Why play is important for dogs

1. Play helps you get a stronger bond with your dog

Just like the bond between two friends gets stronger when they share fun moments, the bond you have with your dog becomes strengthened when you spend quality time together.

2. Play is a fun way to train and improve manners

As you give your dog some play time, it’s a good chance to work on some basic trainings and manners. Right from the puppy stage, dogs learn basic manners as they play around. When they play too much, they’ll likely get a nip from their mother or littermate; or they might simply stop the play altogether.

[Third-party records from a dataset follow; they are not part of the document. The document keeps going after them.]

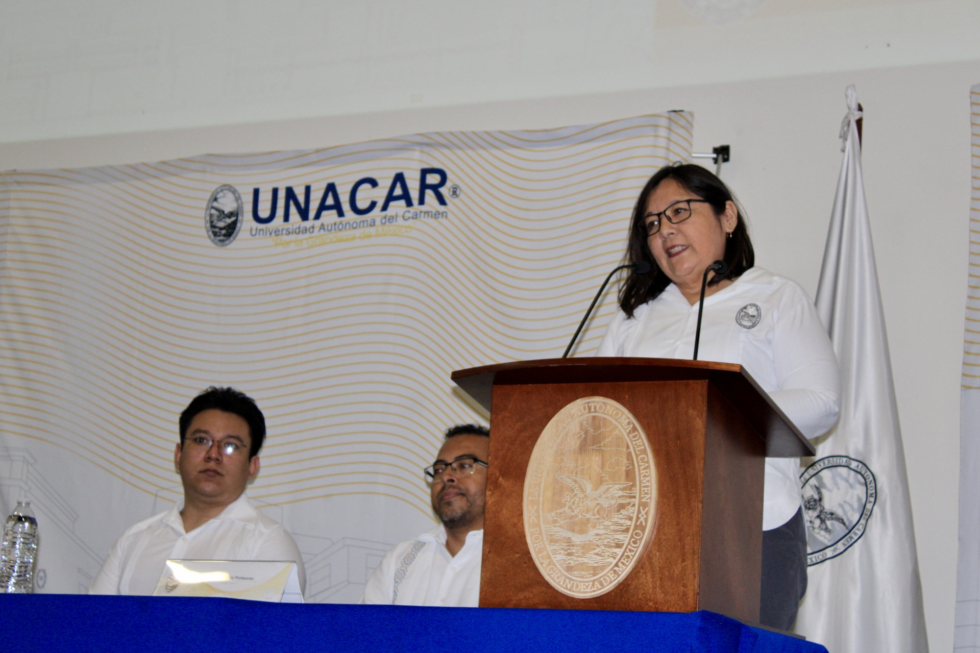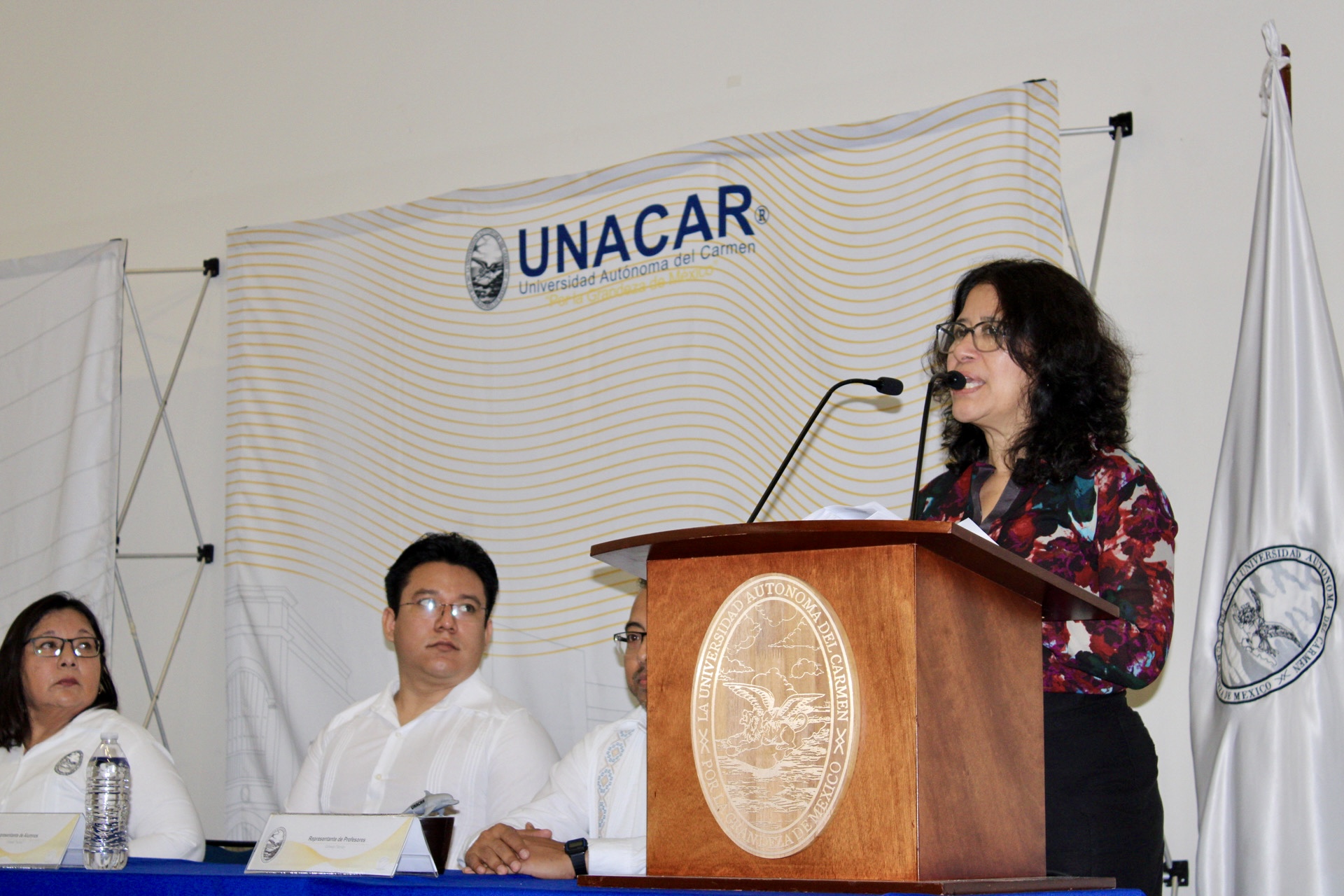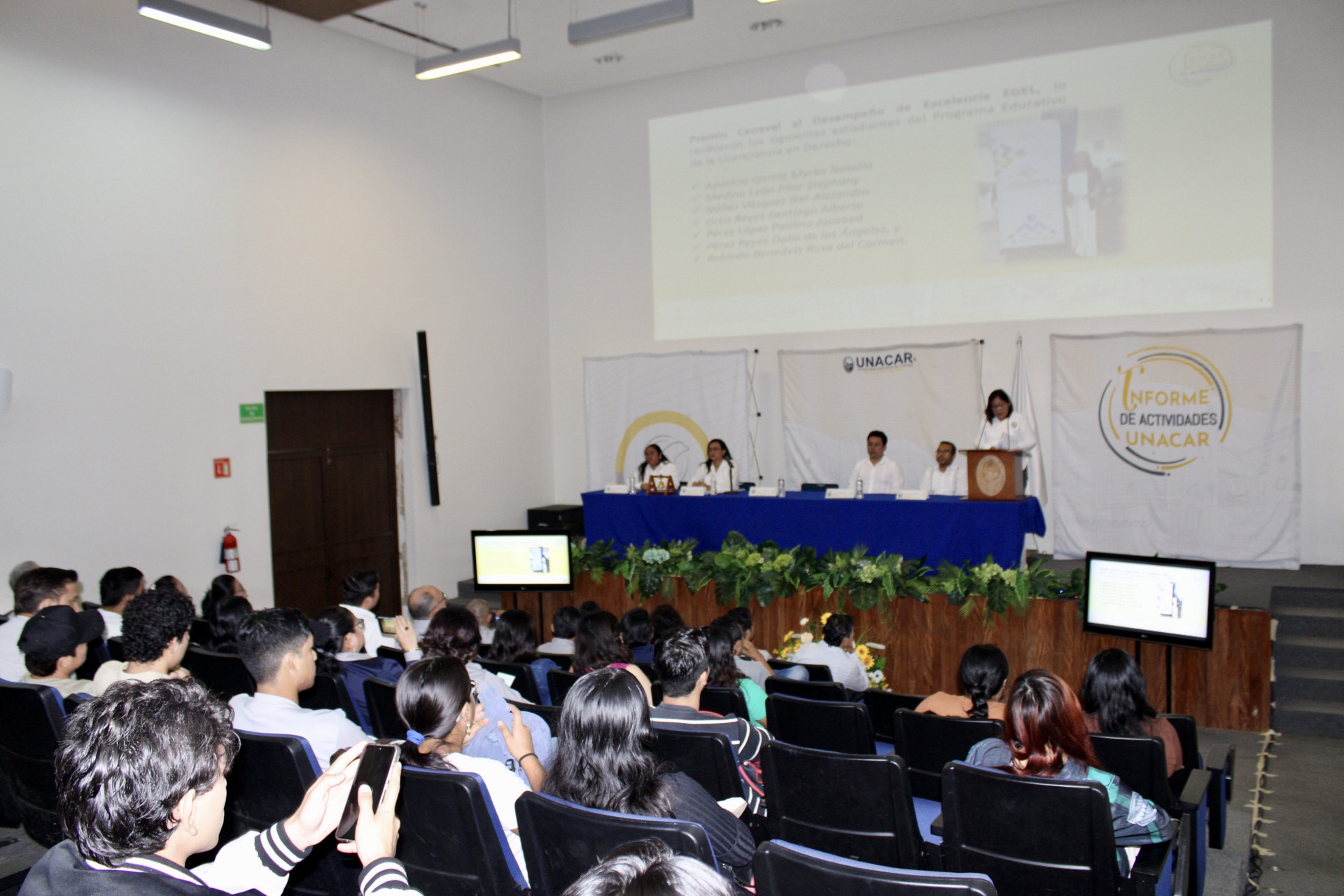 Después de la apertura, lectura y aprobación de la orden del día efectuada por los integrantes del Consejo Técnico: Mtra. Jessica Marisol Reyes Rodríguez, secretaria; Mtra. Claudia Concepción Lira Huchín y Dr. David Gibrán Luna Chi, representantes de los docentes; y David Arturo Chan Hernández, representante de alumnos; la Mtra. García Argáez presentó los logros alcanzados en formación académica, investigación, vinculación social y gestión eficiente, alineados con los cuatro ejes estratégicos y dos transversales del Programa de Desarrollo Institucional (PDI) de la UNACAR.
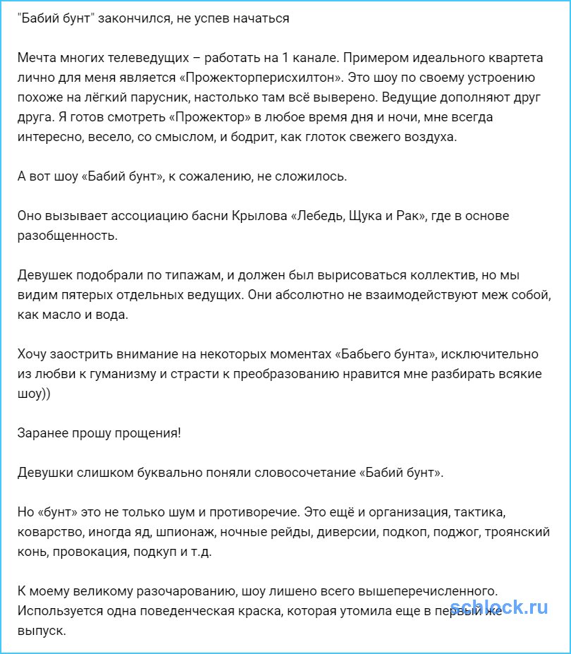 Мечта многих телеведущих – работать на 1 канале. Примером идеального квартета лично для меня является «Прожекторперисхилтон». Это шоу по своему устроению похоже на лёгкий парусник, настолько там всё выверено. Ведущие дополняют друг друга. Я готов смотреть «Прожектор» в любое время дня и ночи, мне всегда интересно, весело, со смыслом, и бодрит, как глоток свежего воздуха.
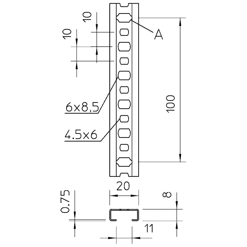 Profilová lišta s šířkou výřezu 11 mm, děrovaná, u verze „A“ odlomitelná každých 10 cm.
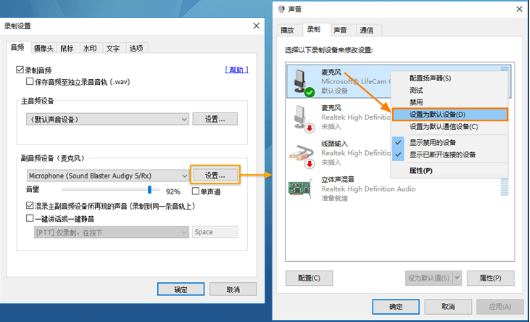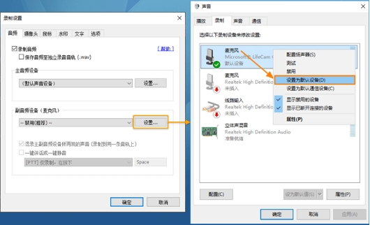 2、点击在副音频设备一栏右侧的【设置】,弹出Windows声音窗口,在录制标签下右击【麦克风】,在其下拉菜单中选中【设置为默认设备】,然后点击【属性】。

3. Play provides mental stimulation

You can keep your dog’s brain working efficiently when you allow it to have quality play time. Yea, when you engage them in mentally stimulating activities or brain games, it helps them become smarter. More so, mentally stimulating games help to alleviate boredom and decrease the likelihood of your dog developing behavioral issues like chewing or excessive barking.

4. Play relieves boredom

When a dog is bored, it displays some undesirable behaviors like excessive barking. So maybe some of those periods your dog kept on barking, he only wanted some time to play. So even if you give it food to calm him, he could ignore and continue barking.

5. Play helps combat pet obesity

Play is a major solution to the growing problem of pet obesity. Current estimates show that 53% of U.S. dogs are obese or overweight. And a recommended measure to shed extra calories is to add few simple play sessions a day to a dog’s routine. More so, when you keep your dog slim, it leads to a 15 percent increase in his lifespan.

Dog rule to note:

Don’t get too physical

You have to be careful if you have to engage in interactive plays with your dog because it can be pretty rough and lead to injury. Remember dogs love to wrestle with their mouth, so they may play with another dog and use their mouth without hurting them. But this mouthing may get you into trouble if you try to get too physical with your dog.

Start with a good diet

Before engaging your dog in a strenuous play, ensure your dog enjoy a good diet. Remember! All physical activity prescribed for dogs are intended for the healthy ones. And you need to be careful about your dog’s diet because some dog foods contribute to lethargy asides hyperactivity.

Size doesn’t matter

Some dog owners think dog breeds with larger size needs more exercise or play time, but that’s not true. The Newfoundlands are a good example of the larger breeds, but they require less exercise time than the smaller breeds.

Establish a regular play time

Just like you would for your child, you can create a time frame to allow your dog enjoy quality play every day. This helps to create a routine that the dog comes to expect. But be mindful that your pet can be resentful when you skip a session- and may take it out on your couch.


Always remember that dogs are social creatures and they opportunities for social and active play provides a physical and mental outlet for dogs.